Stanislas Wawrinka battled his way into the 2014 Australian Open final with a hard-fought 6-3, 6-7(1), 7-6(3), 7-6(4) win over Tomas Berdych on Thursday, Jan. 23.
The fan-favourite, who received major support from the local Rod Laver Arena crowd, will now face either an all-Swiss final against Roger Federer, or a huge challenge against world No. 1 Rafael Nadal.
Both Wawrinka and Berdych eased into Thursday's match with dominant service games. Berdych, who served second, nearly managed to break Wawrinka as early as the third game after the Swiss star struggled to see out a 40-0 lead, but some pristine serve-and-volley execution averted the danger.
Berdych's first serve frequently romped past Wawrinka as the score progressed to 3-3, but the Czech player appeared to be suffering with nerves in other areas of his play.
He gave his opponent two break points with a mistimed forehand down the line, and with the court gaping, Berdych missed a simple volley to hand Wawrinka a crucial opening break.
With momentum in his favour, Wawrinka served toward the body of Berdych, making it extremely difficult for the 28-year-old to find room for a return. He returned long to concede the opening set.
Wawrinka won 78 percent of his first service points during the initial exchange, compared to Berdych's success rate of 71 percent, in a statistic that would nod toward the rest of the match's flow, per the competition's official website.
An immediate improvement was needed by Berdych, who threatened to lose his way at this point. He moved ahead 2-1 in the second set with an array of powerful forehands—the type of stroke that leaves his rival with a short, sharp bounce to deal with.
However, Berdych's next service game saw both competitors up the ante. Wawrinka's precise backhand was followed by a drop shot and volley from Berdych, the score remaining on serve at 3-2 in his favour.
Power remained with whoever was serving, highlighted by Wawrinka's three aces to make the score 5-5 in the second.
A tiebreaker was always on the horizon, and in these situations, it is preferable to serve first.
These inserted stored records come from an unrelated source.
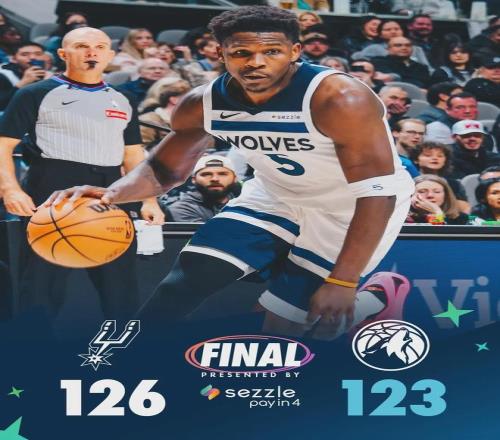 最后4秒,尚帕尼居然两罚不中。文班抢到前场板,森林狼只能犯规,26分大逆转失败了。全场结束,马刺主场126-123险胜森林狼。爱德华兹爆砍55分4板3助,得分打破生涯纪录。文班亚马39分9板3助2帽、福克斯25分3板12助!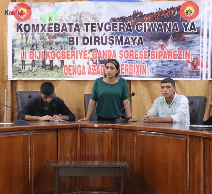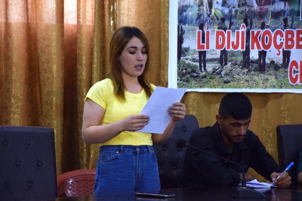 Daha sonra Fırat Bölgesi Gençlik ve Spor Meclisi Eşbaşkanı Avaşin Misto, gençlerin mülteci tehlikelerine karşı yaşadıkları sorunlara ilişkin hazırlanan raporu okudu.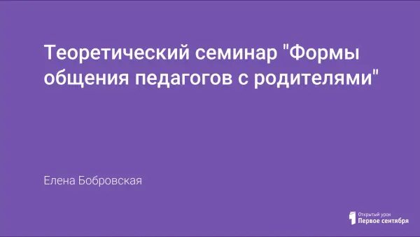 Теоретический семинар поможет старшему воспитателю ДОУ актуализировать и систематизировать знания педагогов о формах общения воспитателей с родителями. Перед семинаром проводится предварительная работа, включающая подготовку воспитателей по конкретным формам общения с родителями и предоставление своего материала на обсуждение проблемы.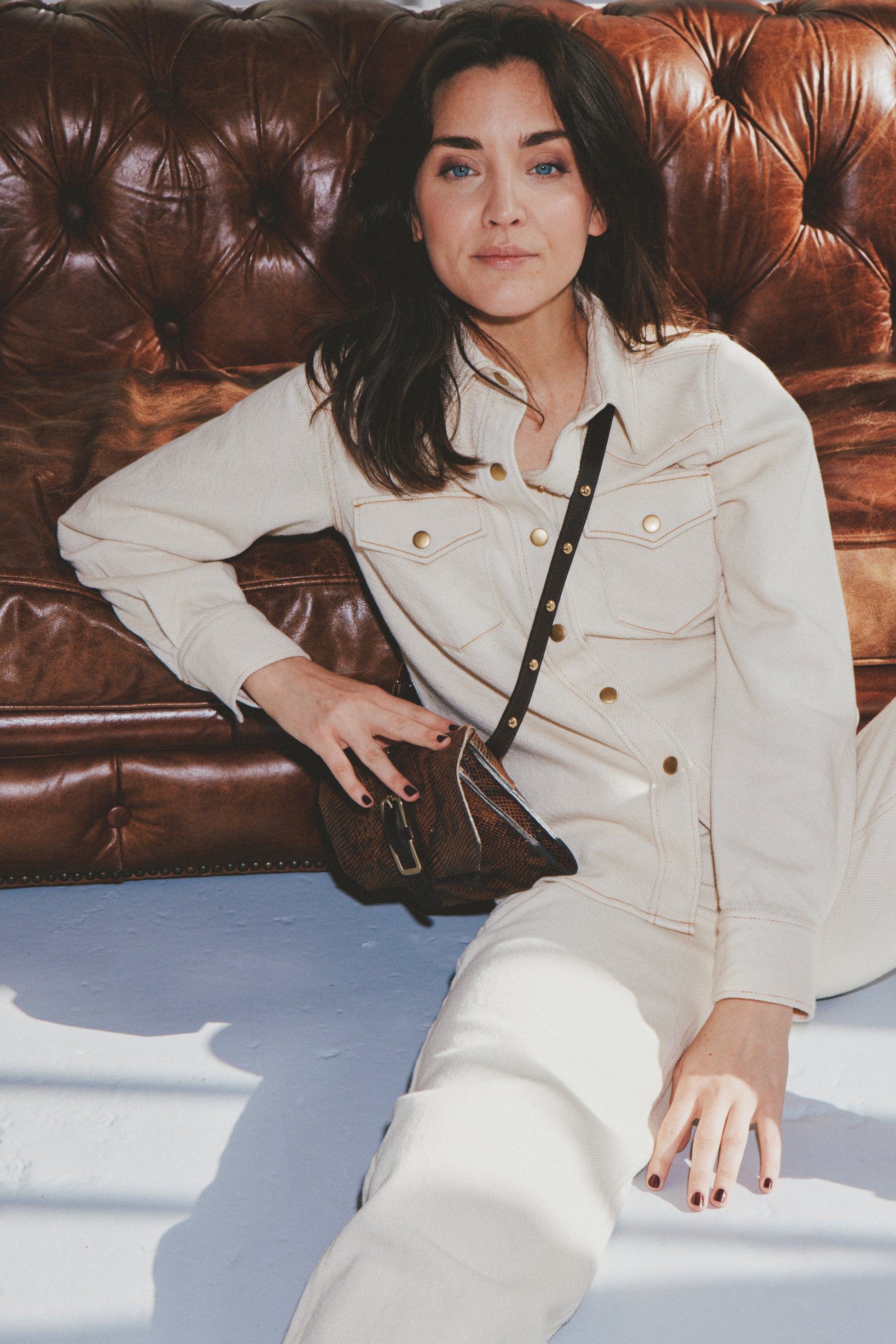 • Anse ajustable de 120 cm en cuir de vachette pleine fleur Choco au tannage végétal avec clous dorés sur toute la longueur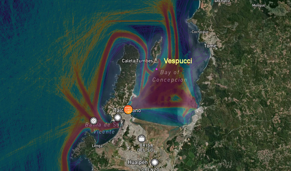 Nave Vespucci si trova alla fonda nella Baia di Concepción, una baia naturale sulla costa della regione del Bío Bío del Cile. Concepcion è una delle città più antiche del Paese. Fu fondata nel 1550 dal conquistatore spagnolo Pedro de Valdivia, che la chiamò così dopo essersi affidato alla Vergine dell’Immacolata Concezione, al fine di vincere la guerra d’Arauco e conquistare il Cile. All’interno della sua baia si trovano molti dei porti più importanti della regione e del paese, tra cui Talcahuano.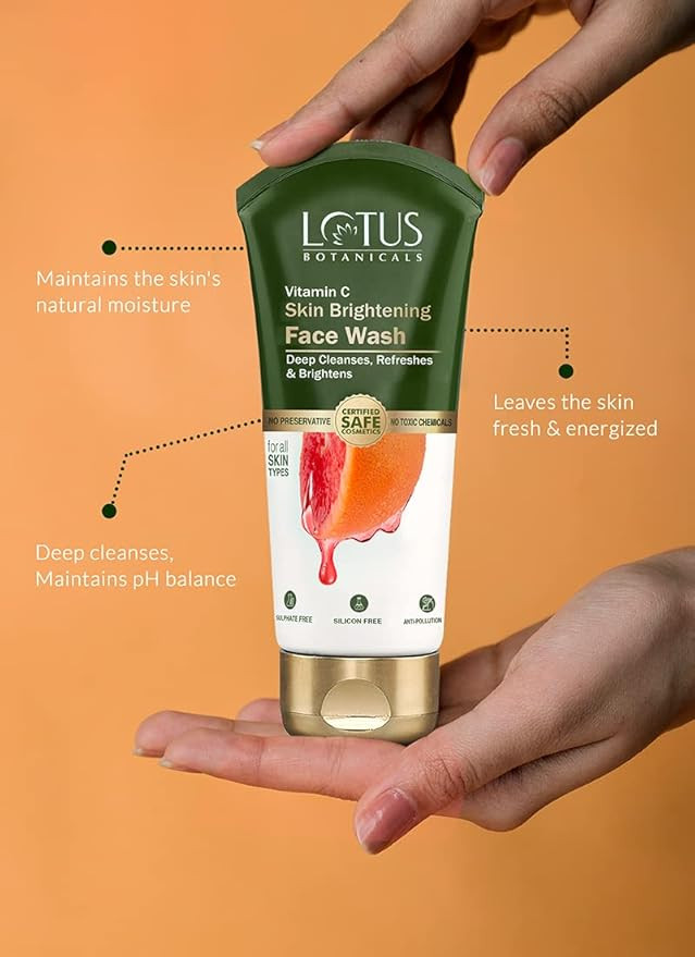 Cleansing is one of the most important skin care steps as it disburdens your skin from any harmful build-up. Vitamin C is a skincare sweetheart by virtue of its outstanding skin healing and nourishing properties. This powerful antioxidant is one of the dermatologist's most favourite ingredients to be used as a part of skincare. Gentle on your skin and tough on your impurities, our Lotus Vitamin C Skin Brightening Face Wash has natural powerful antioxidants that deeply cleanse your face without stripping the natural moisture of the skin. Free radicals that damage skin and cause wrinkles, age marks, and tiredness can be neutralized by using this Lotus Vitamin C face wash.. Brighter skin is aided by Lotus vitamin C face wash . Both men and women can use this Skin Brightening Face Wash. Collagen formation in skin is also increased and aids in balancing skin tone. Lotus Vitamin C face wash reveals a hydrated, refreshed soft and non-drying effect after washing face. Our Lotus Vitamin C skin brightening face wash is devoid of harsh chemicals or any other harmful additives, and therefore, it works like a charm on your skin to effectively maintain its pH balance and keep a number of skin problems at bay.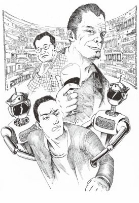 办公室的门被推开,门外站着两名机器警察——阿甲和阿乙。他们收到警告,来处理异常情况。十分钟之内定位,二十分钟内拘捕,这是金融警察引以为荣的高效。现在,嫌犯就在总局,所以不到两分钟,机器警察就已经登门拜访。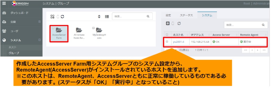 システム>グループ>(AccessServer Farm用システムグループ)>システムの設定から、RemoteAgent(AccessServer)がインストールされているホストを追加します。
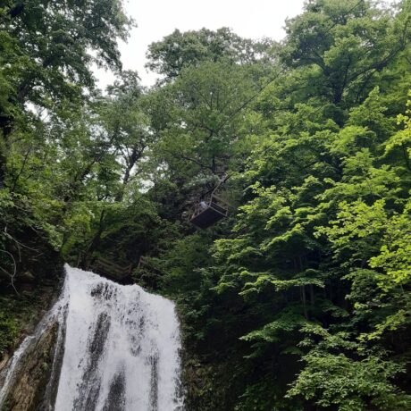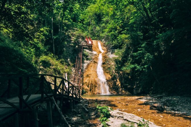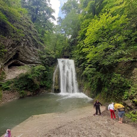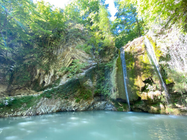 Территория благоустроена, установлены лесенки, скамейки, перила в опасных зонах. Народа всегда тьма, особенно после обеда. Подъем без автомобиля продлится около 3 км. Это изнурительно долгий маршрут в гору, который вряд ли выдержат маленькие дети. В самом начале пути гостей приветливо встречают в кафе и медовой лавке. Здесь можно купить мед с горной пасеки, варенье из инжира и кизила. У подножия горы построена банька. Рядом с ней установлен бассейн с лечебной голубой грязью. Сразу за ним – озеро с прохладной водой из горного ручья. Подъем до водопадов, фотоссесия и спуск займут приблизительно 40 минут.

Berdych took advantage of this luxury by firing two deliveries that Wawrinka failed to return, while a string of effortless forehands continued to ask questions until Berdych wrapped up the second set.
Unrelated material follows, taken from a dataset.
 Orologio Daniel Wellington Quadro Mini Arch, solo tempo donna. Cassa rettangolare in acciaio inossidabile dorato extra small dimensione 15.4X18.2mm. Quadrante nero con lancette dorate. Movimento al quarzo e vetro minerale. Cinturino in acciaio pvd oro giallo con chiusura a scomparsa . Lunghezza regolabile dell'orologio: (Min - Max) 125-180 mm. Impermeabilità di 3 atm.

Both players exchanged backhand winners to help seal their opening service games of the third set. Once again, neither managed to conjure up enough momentum to break serve, as prolonged rallies continued to be largely non-existent during this extremely tight affair.
Berdych came under pressure to land another tiebreaker, but he held his nerve to the delight of the gripped onlookers. Wawrinka even applauded one winner that sent him scampering across court, before he watched his chances of a late break disappear thanks to another monstrous Berdych ace.
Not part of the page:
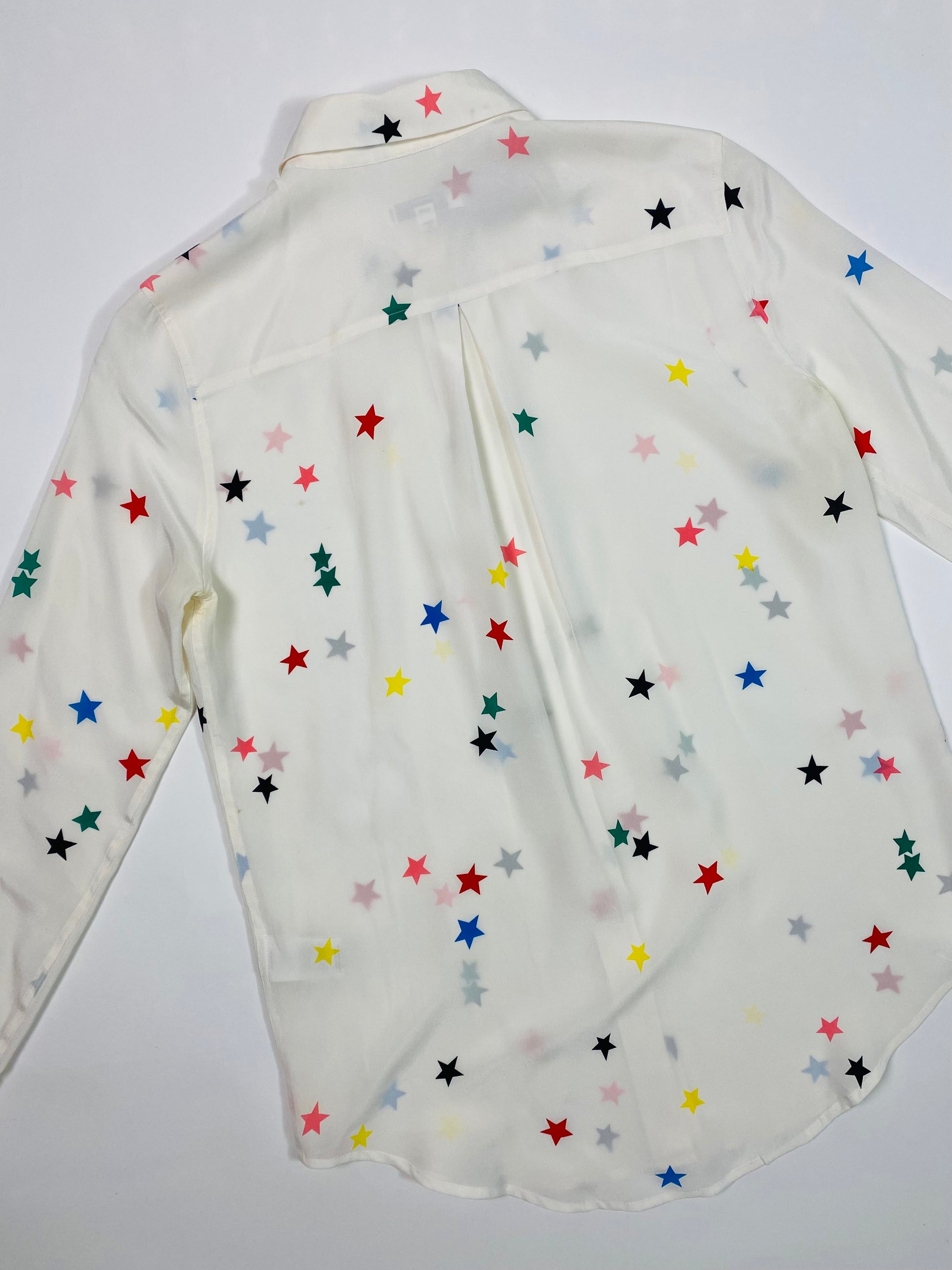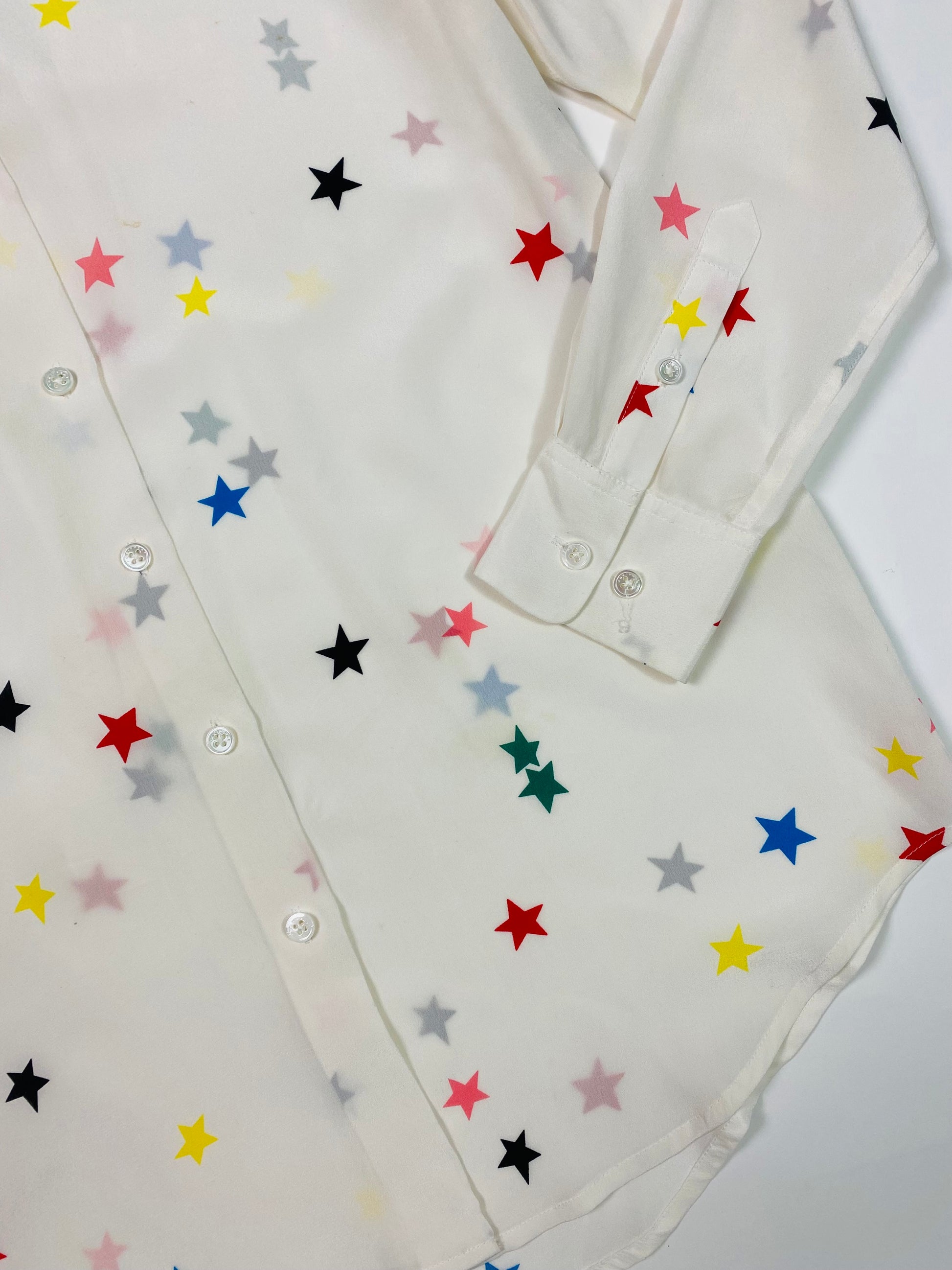 Creamy white 100% silk shirt with a playful multi-coloured star print all over and pearly white buttons lining the front and sleeve cuffs. Features nice pleating details on the back of the shirt for a cleaner fit.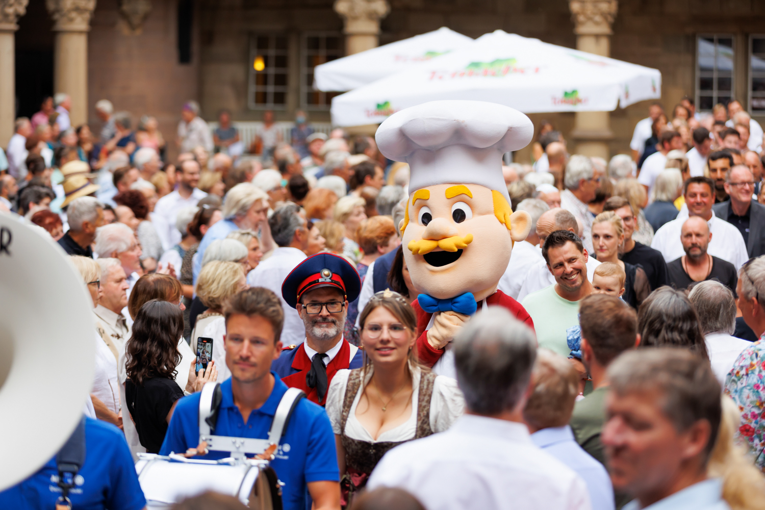 Im Innenhof des Alten Schlosses wurde das Weindorf mit einem Festakt eröffnet. In seiner Rede empfahl der Landwirtschaftsminister Peter Hauk (CDU) den Württembergern, nicht allzu geizig zu sein. „Gute Qualität kostet“, sagte er. Man solle den Genuss nach der Pandemie nicht hinten anstellen. „Diesmal darf es auch ein Viertele mehr sein.“ Hauk ging zudem auf die Problematik des Klimaschutzes ein. „Wir brauchen mehr Grün in Stuttgart. Es wird extreme Wassersituationen geben“. Damit forderte der Christdemokrat den Stadtrat und seinen Parteifreund OB Nopper auf, mehr Akzente in der Umweltpolitik zu setzen. Man müsse schließlich mit dem Klimawandel in der Stadt leben können.

Unfortunately for the Czech player, his concentration appeared to dip during the breaker. An inexplicable double fault provided Wawrinka with an advantage, something he cemented with a huge serve of his own.
Disappointingly for Berdych, another double fault saw Wawrinka claim the third set. The Czech's three double faults proved costly, but his pivotal mistakes didn't end there.
Wawrinka failed to capitalise on his second break opportunity of the match when Berdych served an ace during the opening game of the fourth set. Six deuces and 16 minutes of action followed before another ace and a Wawrinka miscue gave Berdych the lead.
An intermittent supply of eye-catching winners coincided with each player's serve, but neither of them looked to lose his control until Berdych missed opportunities with the score at 5-4 in his favour.
He was visibly irritated after a skidding shot forced him into an error, and with his concentration diminished for the moment, Wawrinka made it 5-5.
Berdych hit a stretching backhand down the line to make it 30-30 in the next game, but Wawrinka followed with a gutsy forehand and fine second serve en route to a third tiebreak.
Wawrinka raced into a 3-0 lead after winning both of his service points, in addition to Berdych hitting one long. The mistake was followed by another vital double fault from Berdych—his seventh of the match—who just managed to stay in the contest at 4-2 after Wawrinka missed the baseline.
Berdych eventually missed another simple return to bring up match point for Wawrinka. The Swiss served for glory, and despite an initial double fault, confirmed his victory after Berdych fired out once more.
An incredible effort from both players, but Wawrinka's forehand efficiency and relentless service game slowly chipped away at the will of his opponent.
He hit 57 winners, 18 aces and 49 unforced errors on his way, while Berdych struck 60 winners, 21 aces and 49 unforced errors.
Wawrinka spoke of his happiness during his post-match interview:
Whether Wawrinka is set to face Federer or Nadal in the final remains to be seen, but his increased sense of aggressiveness is sure to give either player problems.
Federer's tournament has been defined by his variation of shots and creativity, a fresh approach after his poor showing throughout 2013, but his improvements will be fully tested if he comes up against Wawrinka in current form.
Nadal is better equipped to deal with the finalist's line-kissing strokes and will aim to use his athletic ability to his advantage if the pair meet.
Reaching the final is undoubtedly a huge achievement for Wawrinka, who after working so hard across the tournament, receives the special day he deserves.